> **WORK TASK**
Return only the lines from the top of the data down to the one that holds "usky Dog Aloha", both included, without any pictures.

> **DATA**
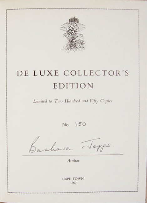 Copy number 150 of an edition limited to 250 copies and signed by Barbara Jeppe.
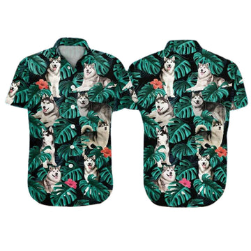 usky Dog Aloha Hawaiian Shirt - Funny Husky Dog Pet Hawaiian Shirt, Tropical Leaves Pattern Hawaiian Shirt For Men
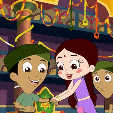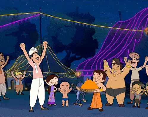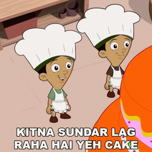 Bholu and Dholu, dressed as chefs, admire a beautiful cake, exclaiming 'Kitna Sundar Lag Raha Hai Yeh Cake!'
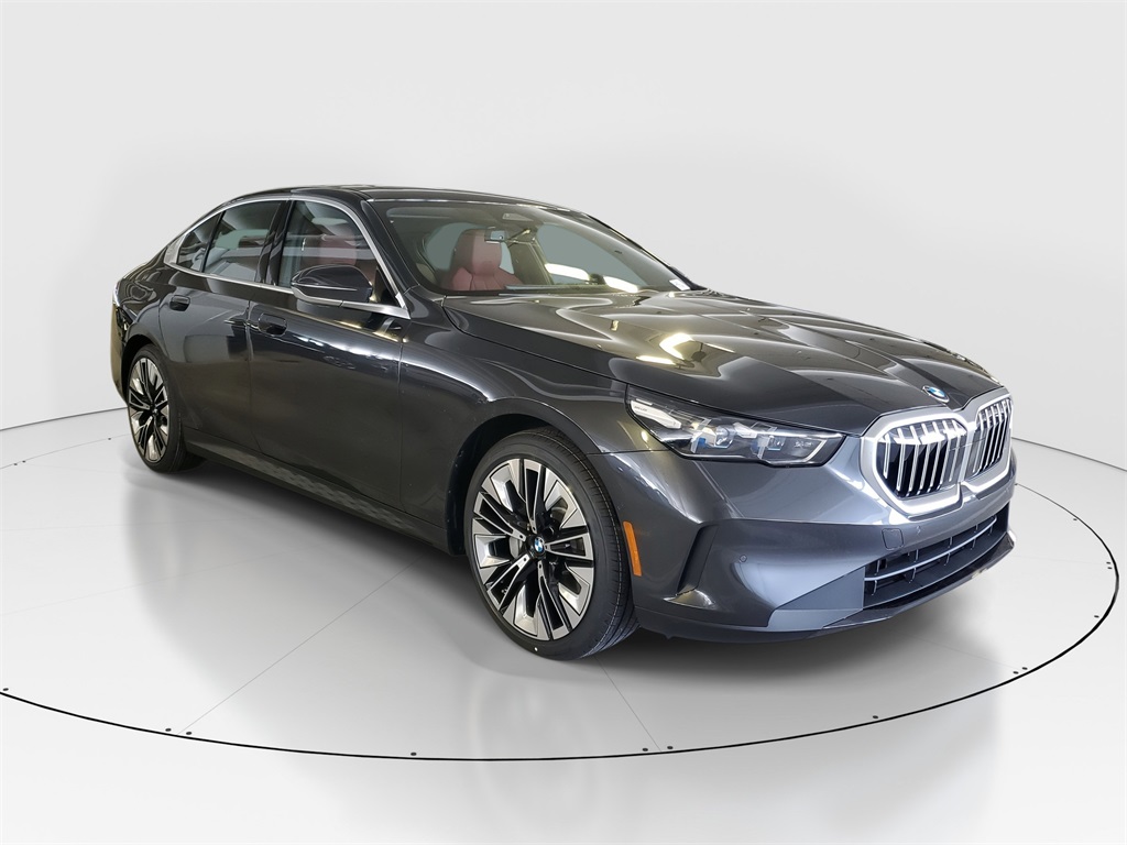 Dark Graphite Metallic 2026 BMW 5 Series 530i RWD 8-Speed Automatic 2.0L I4 DOHC Burgundy Red Premium Synthetic. The vehicle features a premium synthetic leather interior and a full floor of advanced technology, including the Connected Package Pro, Apple CarPlay and Android Auto Compatibility, and a Harman/Kardon Premium Sound System. The driving experience is enhanced with sport seats, a heated steering wheel, and a moonroof. The vehicle is designed for comfort and efficiency, with a 28/35 City & High Highway MPG.

> **SOLVED EXERCISE**
 Copy number 150 of an edition limited to 250 copies and signed by Barbara Jeppe.
 usky Dog Aloha Hawaiian Shirt - Funny Husky Dog Pet Hawaiian Shirt, Tropical Leaves Pattern Hawaiian Shirt For Men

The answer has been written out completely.